Zusammen mit seinem Fotografen bereist der Reporter die ganze Welt und erlebt überdurchschnittlich Skurriles, Fantastisches und lernt unglaubliche Menschen kennen. Er spielt mit den Emotionen des Lesers, gibt Rätsel auf und legt den Finger auf gesellschaftliche Wunden.

Der Besuch eines nur durch Einladung und einer horrenden Summe als Eintritt zu erreichenden Restaurants ist so ein Beispiel. Narkotisiert, um den Ort des Geschehens nicht wiederzufinden, erreicht der Gast eine Lagerhalle statt eines Nobelrestaurants. Die Menüfolge ist festgelegt und lautet wie folgt:
"Mehlwurmcocktail im Buffelgras, Aalsuppe mit tausendjahrigen Ei, Lauwarme Vogelnest mit Catsup, Fliegenpilsrisotto mit Hakarl, Kandierte Dachsohren, Eskimo Eiskrem, Funferlei von Langschwein, Achtschatze Reispudding"

Nichts, bei dem einem das Wasser im Mund zusammenlaufen würde, aber ein Gang hat es tatsächlich mehr als alle anderen in sich. Nicht gerade mein Lieblingsreisebericht.

Selbst die kleine Liebesgeschichte nimmt am Ende eine überraschende Wendung, mit der ich so nicht gerechnet habe. Desto näher sich die beiden Liebenden kommen, um so offensichtlicher wird es, dass Bodo etwas zu verbergen hat.

Dem Autor ist es gelungen, mich mehrmals zu schocken und auch innezuhalten.

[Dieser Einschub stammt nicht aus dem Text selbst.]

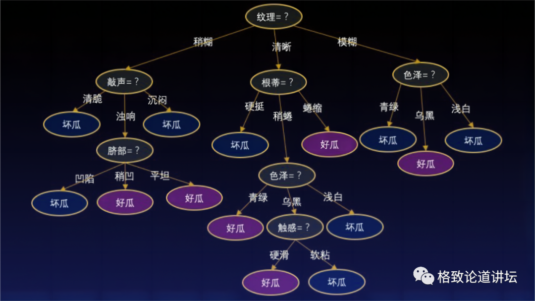还可以通过对一车西瓜进行学习,学习它的颜色、纹理、敲起来的声音,然后做出一棵挑瓜的决策树,给我们吃瓜群众挑一个又甜又大的西瓜。
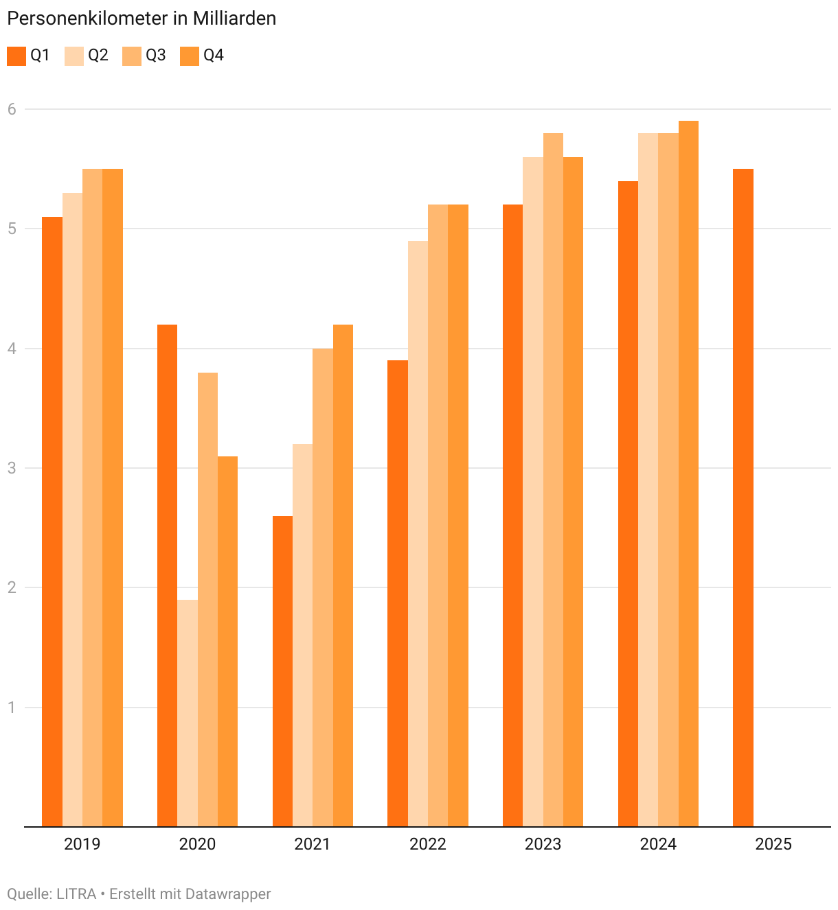 Personenkilometer in Milliarden
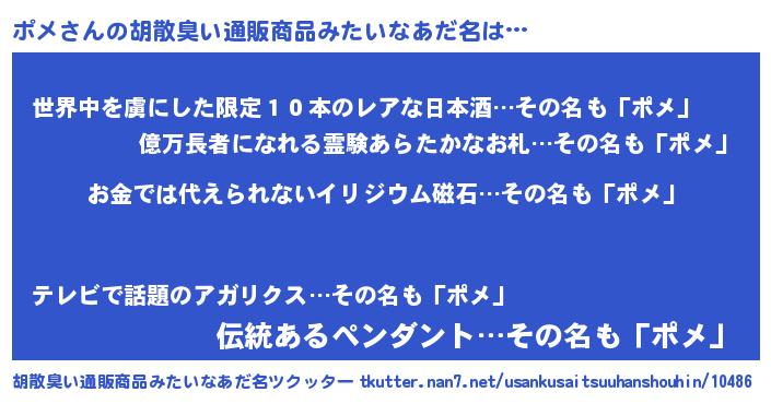 | 意味不明あだ名 | 『なめこ科ポメ属』『とにかく怪しいポメ』 |
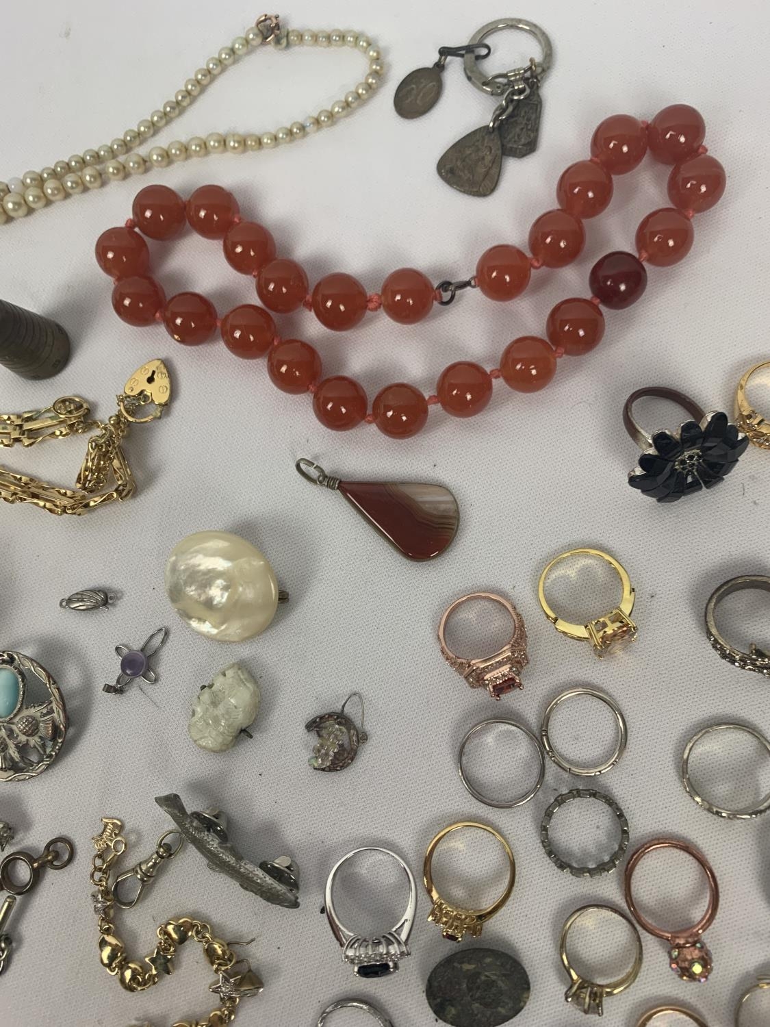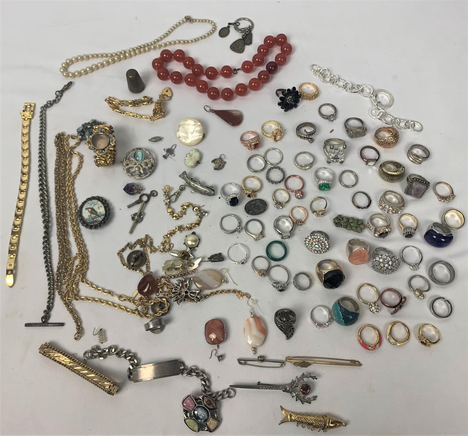 TRAY OF VINTAGE JEWELLERY & RINGS

Nicht alles, was ich gelesen habe, hat mich tatsächlich begeistert. Manchmal wurde mir zu sehr herumphilosophiert oder das blaue vom Himmel gelogen. Dennoch trifft er mit seinen Geschichten genau den Puls der Zeit, ob es um einen amerikanischen Präsidenten geht oder um eine geheime Stadt, die von künstlicher Intelligenz gesteuert wird, es stimmt nachdenklich.